Every 100 grams plain full-fat yogurt provides 61 calories, 3.3 grams of fat, 3.5 grams of protein, 4 grams of carbohydrates, 13 mg Cholesterol, vitamin A, vitamin C, 155 mg potassium, calcium, and other important minerals.


ice cream for weight gain

Ice cream should be the first option of your dessert selection for weight gain dinner ideas. If you don’t have any cold allergy problems, try to eat ice cream regularly. Ice cream may help you to gain weight faster of its high amount of carbohydrates and calories.  

According to The U.S. Department of Agriculture (USDA), every 100 grams of chocolate ice cream provides 216 calories, 11 grams of fat, 28 grams of carbohydrates including 25 grams of sugar, 3.8 grams of protein, 3 mg caffeine, 34 mg cholesterol, 249 mg potassium, 6 mg sodium, vitamin C, vitamin B6, vitamin D, Magnesium, calcium, and other minerals.

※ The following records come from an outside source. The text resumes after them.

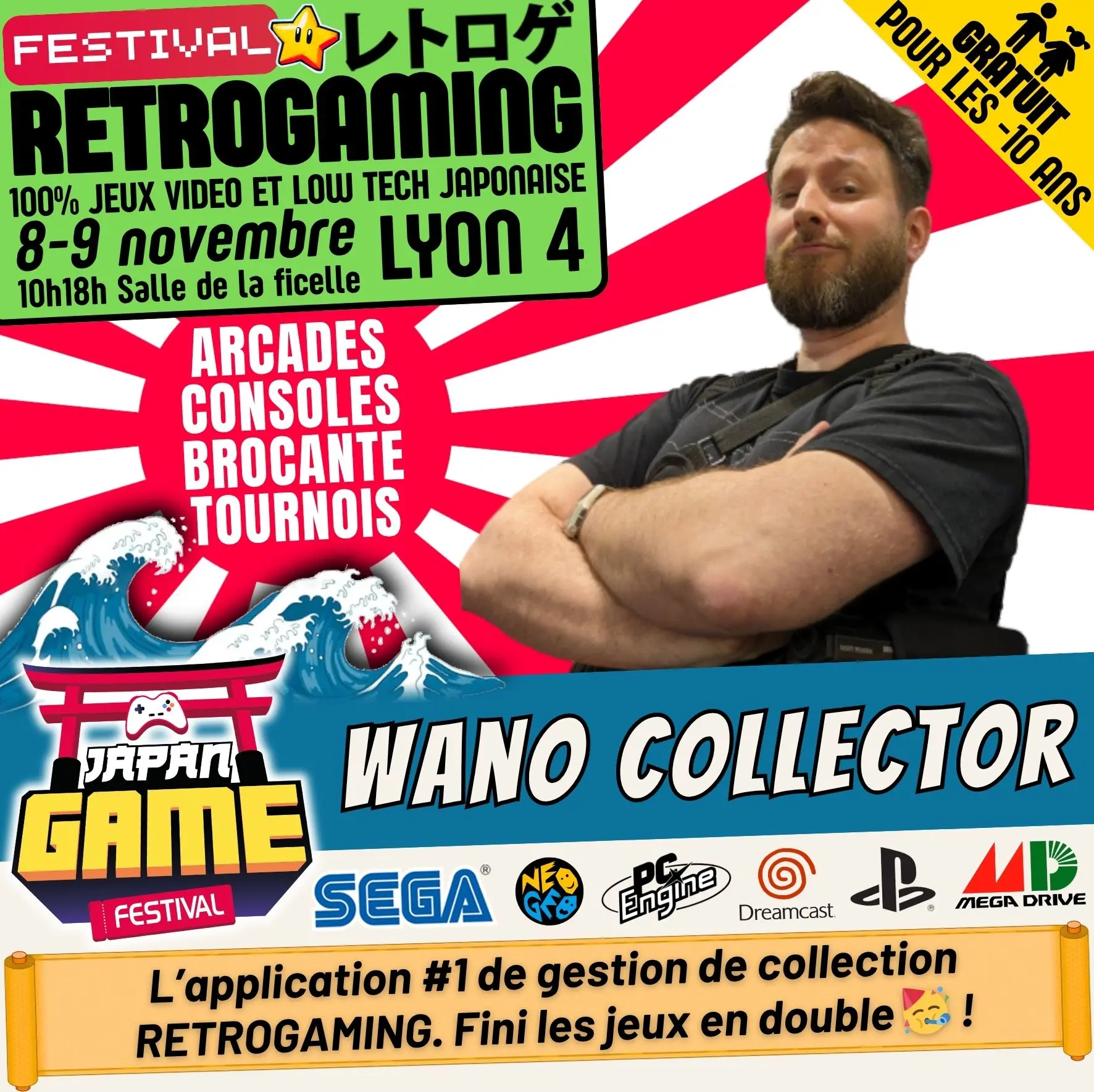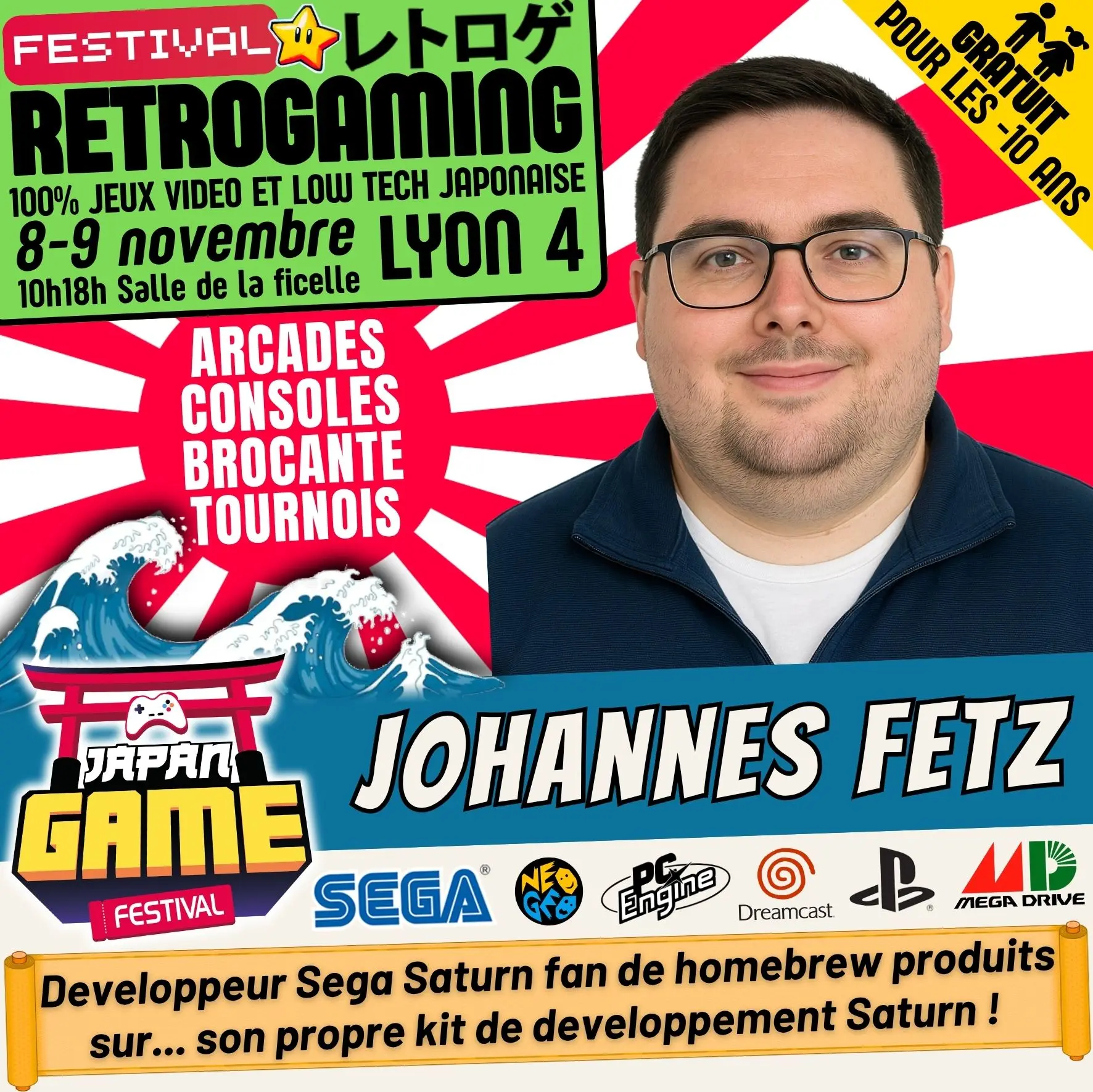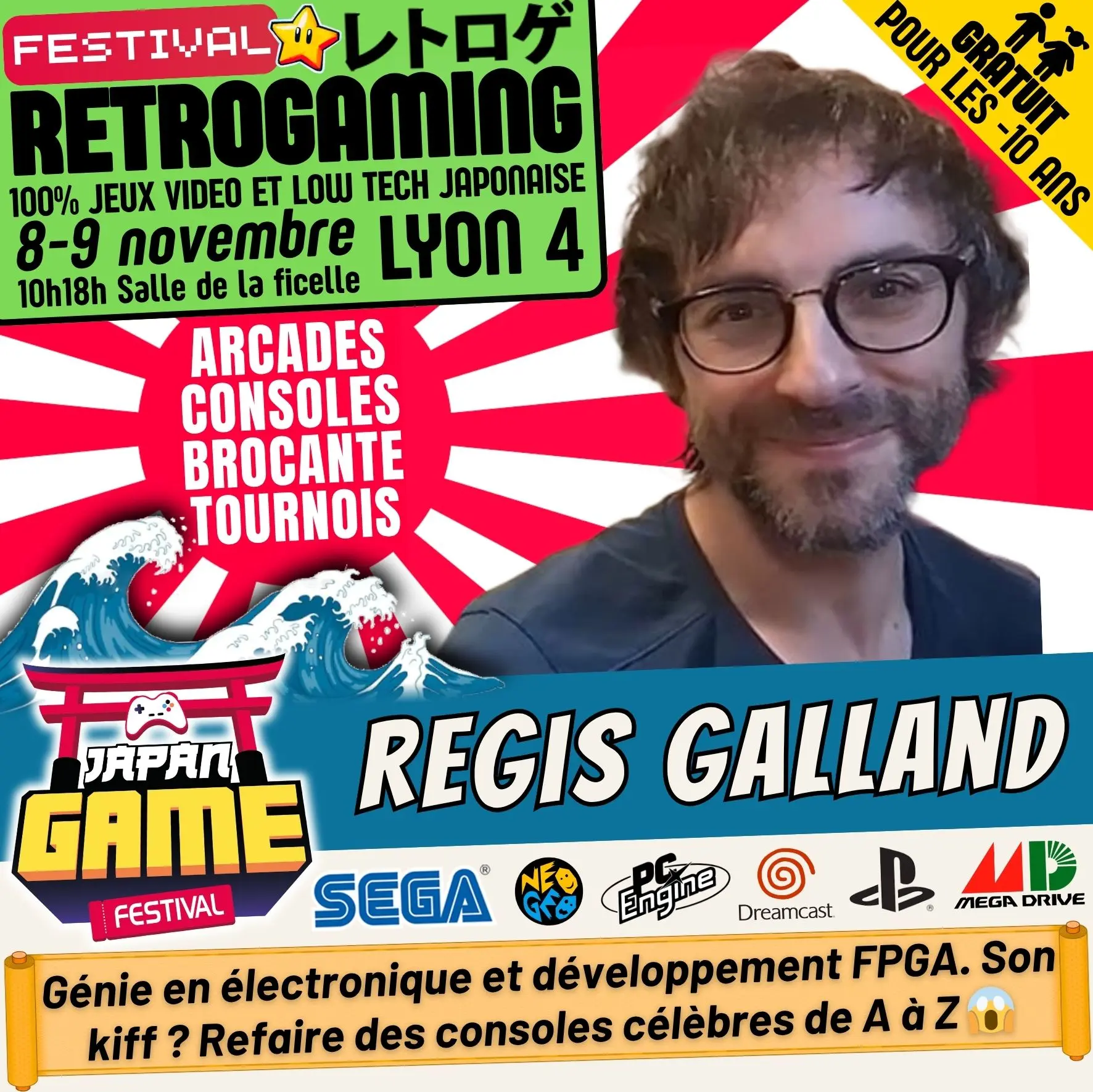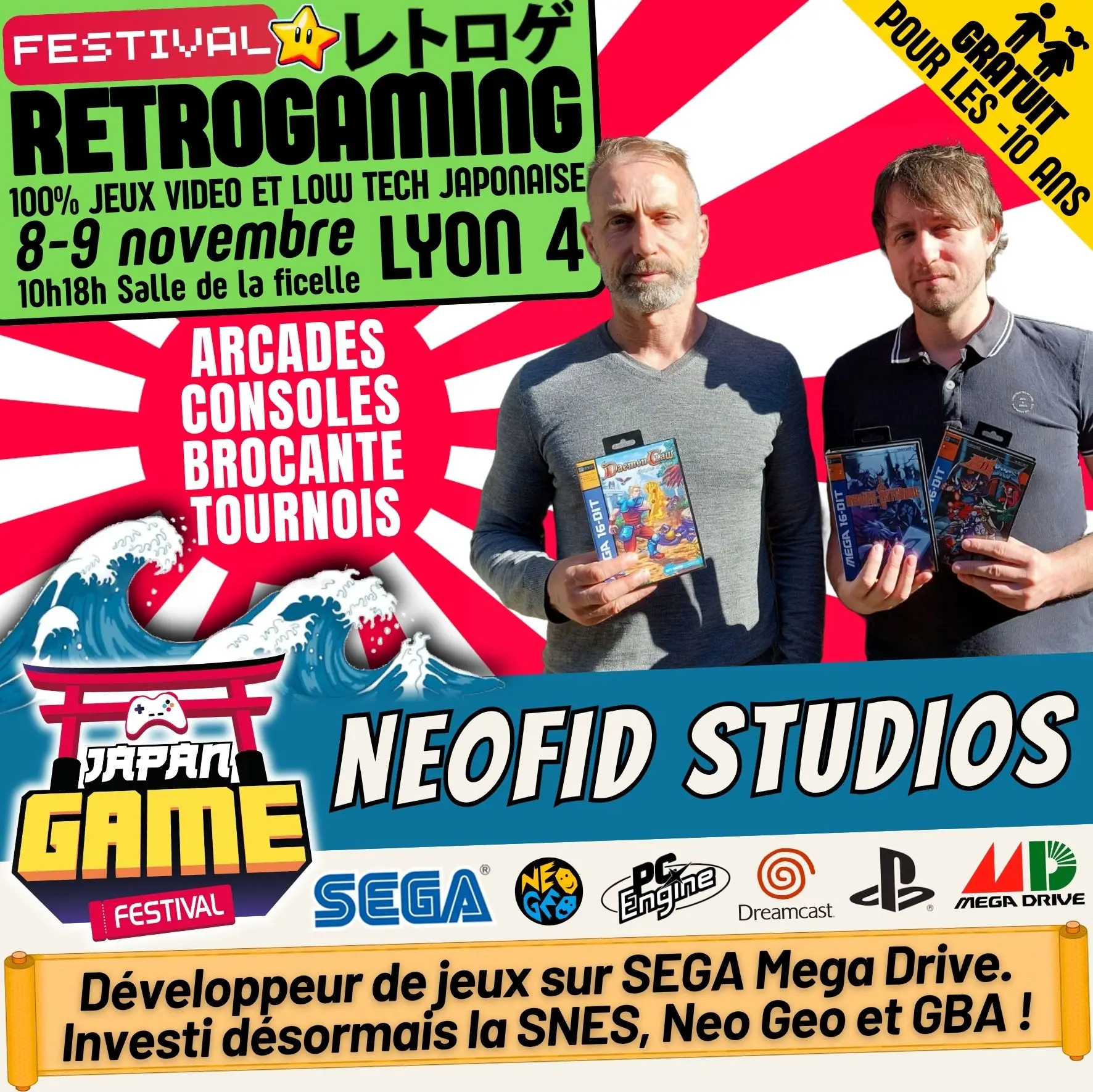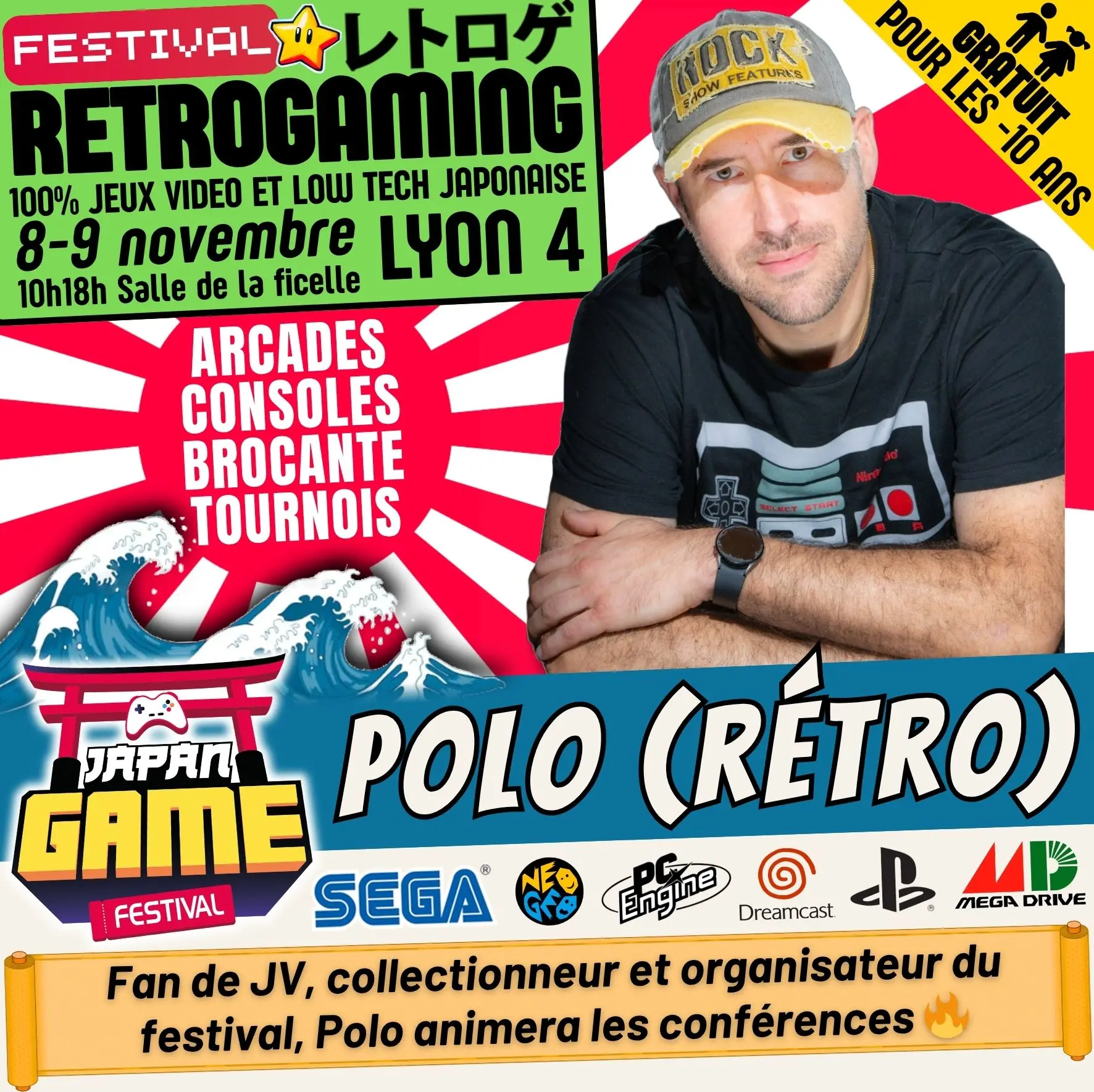 Samedi 10h - 18h // Dimanche 10h - 18h. salle de la ficelle (Lyon4)100% CONSOLE ET ARCADE JAP des 80'/90'/2000 "Entrez dans un véritable musée du jeu vidéo intégralement jouable !"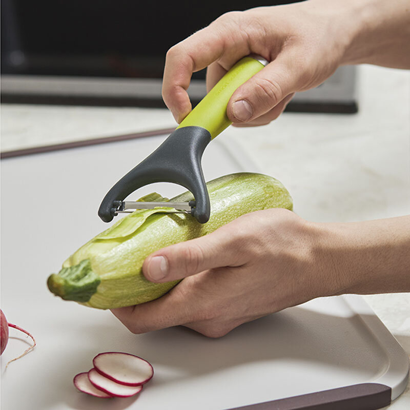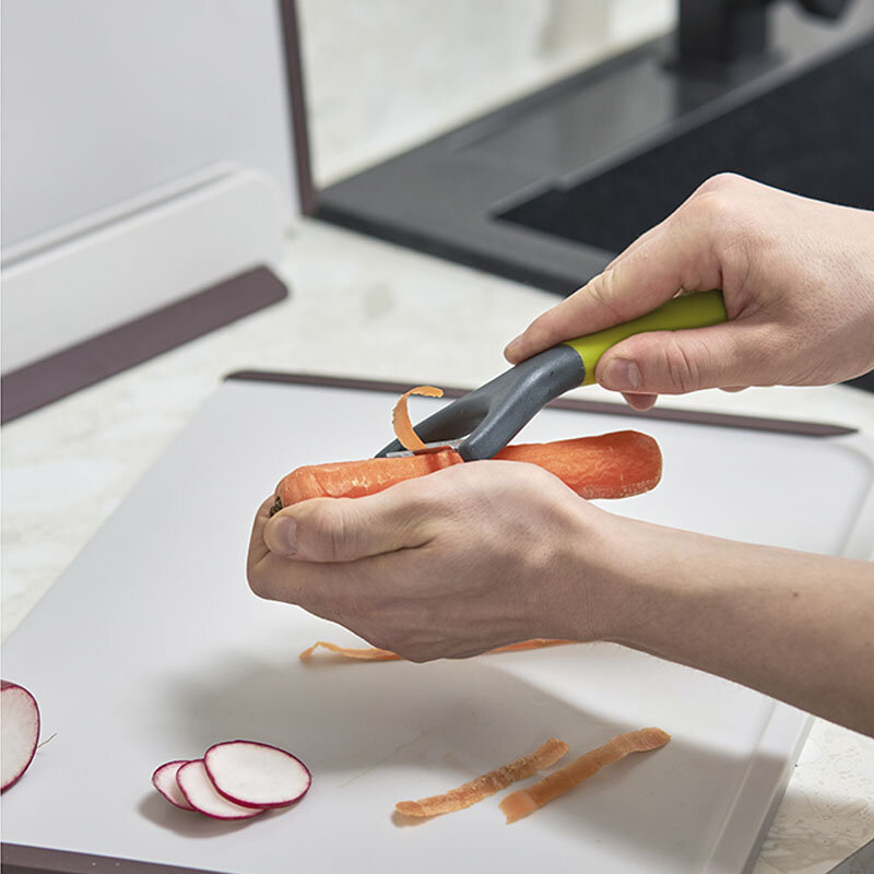 - Уникальный дизайн позволяет брать нож в разных позициях и чистить в направлении как от себя, так и к себе.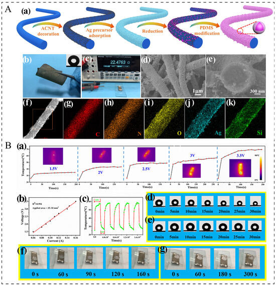 (A): (a)Schematic illustration of the preparation process of superhydrophobic and electrically conductive TPU/ACNT/AgNP/PDMS nanofiber composites [95]. (b) Photograph of the CNC membrane with good flexibility [95]. (c) Photo showing the resistance of one piece of CNC membrane [95]. SEM image for (d) surface and (e) cross-sectional morphology [95]. (f) TEM image of the CNC membrane [95]. (g–k) Element mapping images for C, N, O, Ag, and Si, respectively [95]. (B): (a) Temperature variation of the CNC at different applied voltages. (b) Voltage–current curve of the CNC [95]. (c) Temperature variation of the CNC experiencing cyclic heating–cooling process at a given voltage of 3 V [95]. Water droplet on the CNC surface (d) with a voltage of 3 V and (e) without an applied voltage [95]. De-icing performance of the CNC (f) at a voltage of 3 V and (g) without an applied voltage [95].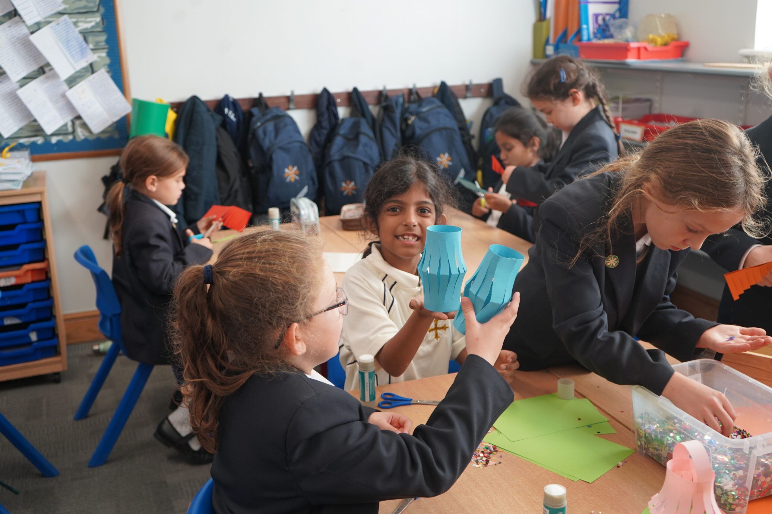 Following the assembly, pupils took part in a hands-on lantern-making workshop, where they crafted their own colourful paper lamps using jewels and brightly coloured paper. The activity encouraged creativity and personal expression.
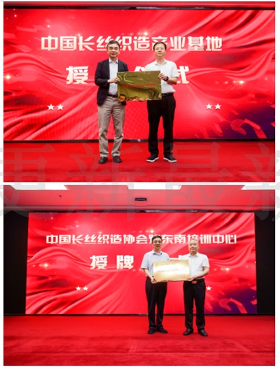 會(huì)上舉行了“中國長(zhǎng)絲織造產(chǎn)業(yè)基地”授牌儀式、“中國長(zhǎng)絲織造協(xié)會(huì)豫東南培訓(xùn)中心”授牌儀式。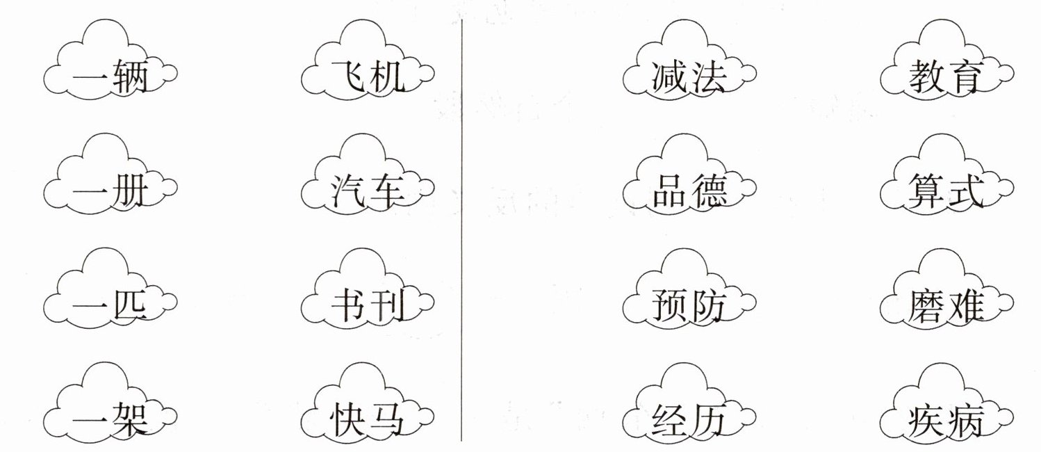 一辆汽车 一册书刊 一匹快马 一架飞机 减法算式 品德教育 预防疾病 经历磨难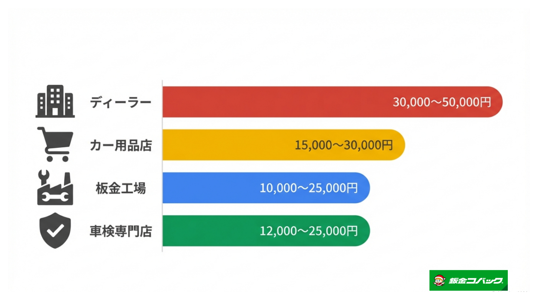 実は、バンパーの修理費用は依頼する業者や傷の程度によって、数千円で済むこともあれば、数万円の差が出ることも珍しくありません。

FAQs regarding weight gain:

1. What should I NOT do to gain weight?

To gain weight never eat too much junk food. There are so many foods available around you that will help add some bodyweight but they are not healthy weight gain sources. Those foods will mostly add weight around your belly and will risk your life by increasing heart disease and diabetes. So, try to eat the healthy foods listed above or foods that can build your muscle without storing fat in your body. For weight gain food selection, always try to list up protein-rich foods.

2. Which fruit is best for increasing weight fast?

According to nutritional facts and health benefits, Avocados are the best fruit to gain weight fast. But Bananas and Mangos are also excellent choices to increase body weight.  

3. What foods are high in protein for weight gain?

Chicken breast, fatty fish (oily fish), red meat are the top three high protein-rich food that helps to gain weight quickly.

4. Which deserts are best to gain weight fast?

Dark chocolate, Ice-cream, and full-fat yogurt are the top 3 dessert items to gain weight fast. If you like sweet eat dark chocolate or eat full-fat yogurt if you like the dairy product. Ice cream is unique in taste and best for all time.